Hi, I have searched for a long time on this subreddit, in Ooba's documentation, Mistral's documentation and everything, but I just can't find what I am looking for.
I see everyone claiming Mistral can handle up to 32k context size, however while it technically won't refuse to generate anything above like 8k, the output is just not good. I have it loaded in Oobabooga's text-generation-webui and am using the API through SillyTavern. I loaded the normal Mistral 7B just to check, but with my current 12k story, all it can generate is gibberish if I give it the full context. However, I also checked using other fine-tunes of Mistral.
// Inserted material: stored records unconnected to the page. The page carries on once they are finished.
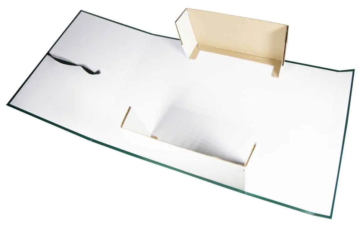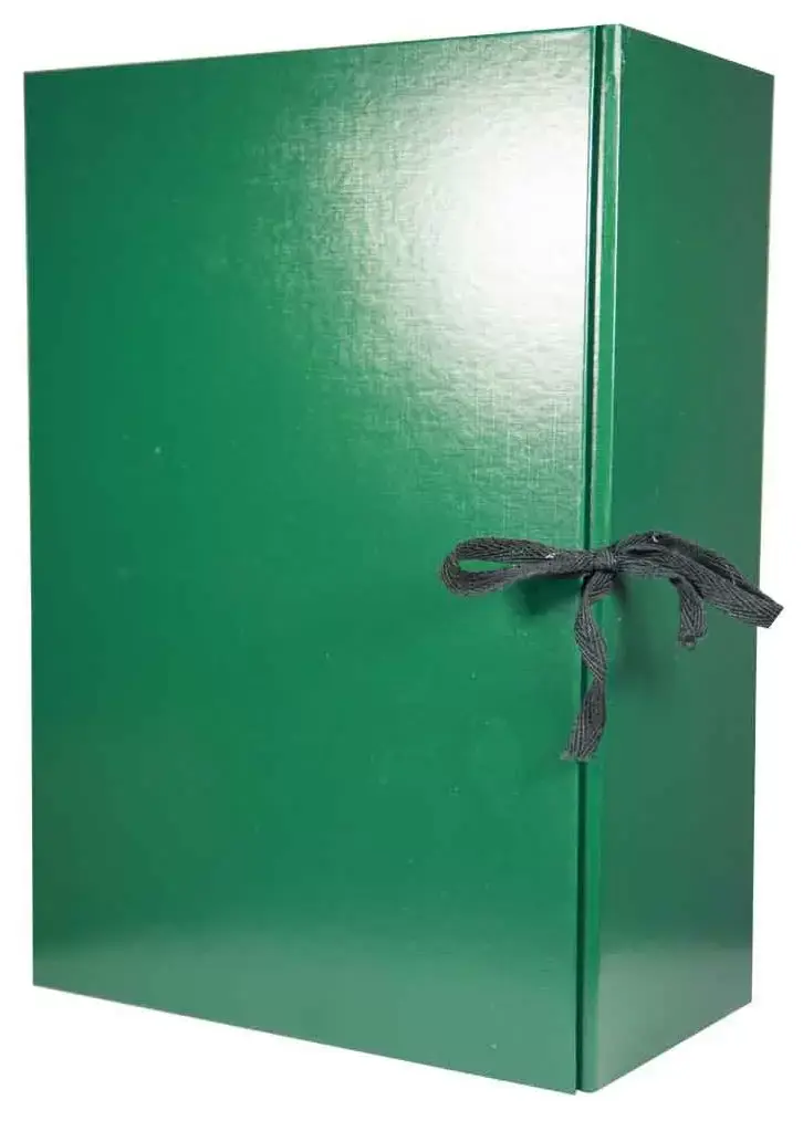 Архивный короб формат А4. Изготовлен из плотного переплетного картона, с внешней стороны покрыт бумвинилом зеленого цвета. С внутренней стороны белая бумага, имеются стойки-упоры разборные из гофрокартона. В закрытом виде фиксируется с помощью двух завязок. Короб вмещает до 1200 листов формата А4. Размер изделия в собранном виде - 225х125х320 мм. Упаковка в гофрокороб по 25 шт. Вес упаковки 8,4 кг. Размер упаковки 510х345х205 мм. Поставляются в разобранном виде.
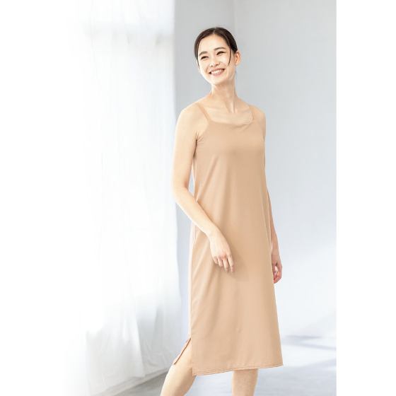 ワンピースの下に一枚で着るのに丈が長いのを探していました。体に纏わりつかないでサラッと着れて便利です
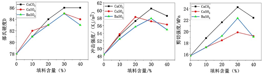 洪树达等研究了碳酸钙/硫酸?硫酸钡三种不同填料对聚氨?环氧树脂胶粘剂(PU/EP)性能的影响,通过不同填料及其含量的材料性能对比发现在填料含量为30%时,PU/EP体系的不同填料都有最佳的力学性能。这是因为填料的添加是有上限的,适当的添加使得填料可以均匀的在分子链之间的空隙充填,过量时则会破换分子链结构、/p>
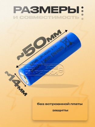 Аккумуляторная батарея типа 14500 (ICR14500, US14500VR), Li-Ion, 3.7V, без встроенной платы защиты
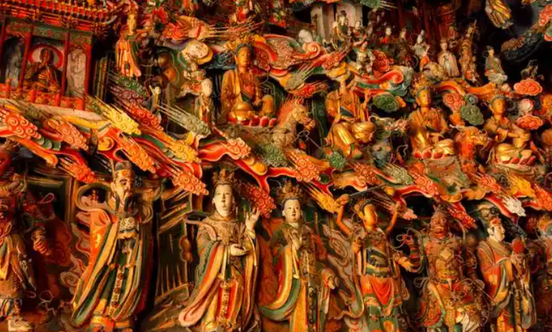 观音堂正是其中之一。在正殿内,泰国留学生陈美悦正在聚精会神地欣赏墙壁上的佛教彩塑。“这里的雕塑造型优美、色彩鲜艳,在昏暗的室内也好像闪耀着光芒。很难想象古代的工匠如何制作这些精致的艺术品。”她赞叹道。
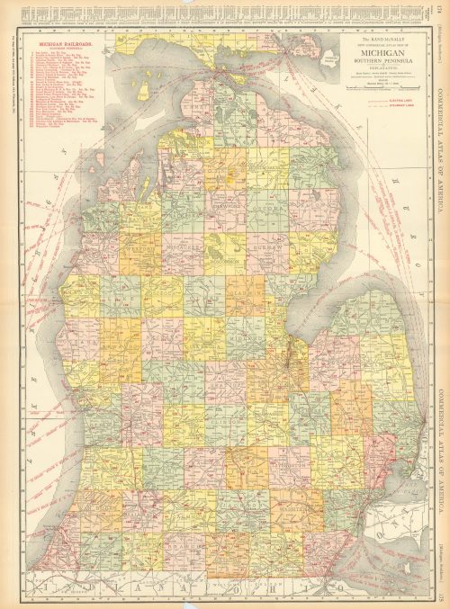 McNally’s 1919 Map of Michigan, Southern Peninsula
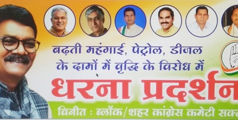 सक्ति : आज दिनाँक 3 जुलाई को सक्ति ब्लाक/नगर कांग्रेस कमेटी के आह्वान पर एक दिवसीय धरना प्रदर्शन का आयोजन किया गया । इस धरना प्रदर्शन में नगर तथा ग्रामीण क्षेत्रों से कांग्रेस कार्यकर्ता उपस्थित हुए । इस दौरान केंद्र सरकार के द्वारा डीजल और पेट्रोल के बेतहाशा मूल्य वृद्धि के फैसले के विरुद्ध ब्लाक एवं नगर कांग्रेस कमेटी के द्वारा विरोध प्रदर्शन करते हुए धरना दिया गया ।

What am I doing wrong? I am using the GPTQ version on my RX 7900 XTX. Is it just advertising that it won't crash until 32k or something, or am I doing something wrong for not getting coherent output above 8k? I did mess with the alpha values, and while doing so does eliminate the gibberish, I do get the idea that the quality does suffer somehow.
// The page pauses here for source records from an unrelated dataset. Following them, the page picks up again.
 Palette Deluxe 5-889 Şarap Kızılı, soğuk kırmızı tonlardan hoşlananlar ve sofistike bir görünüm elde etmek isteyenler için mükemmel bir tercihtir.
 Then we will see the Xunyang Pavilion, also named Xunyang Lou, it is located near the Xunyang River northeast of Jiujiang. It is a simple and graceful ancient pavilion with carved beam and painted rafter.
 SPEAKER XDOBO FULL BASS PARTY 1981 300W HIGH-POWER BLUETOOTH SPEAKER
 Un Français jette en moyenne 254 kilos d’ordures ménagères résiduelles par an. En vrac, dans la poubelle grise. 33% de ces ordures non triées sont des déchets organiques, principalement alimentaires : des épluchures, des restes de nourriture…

So I did some research and after I while in the rabbit hole I think that sliding window attention is not implemented in ExLlama (or v2) yet, and it is not in the AMD ROCm fork of Flash Attention yet either.
I think that means it's just unsupported right now. Very unfortunate, but I guess I'll have to wait. Waiting for support is the price I pay for saving 900 euros on a GPU by not buying a 4090, but a 7900 XTX. I'm fine with that.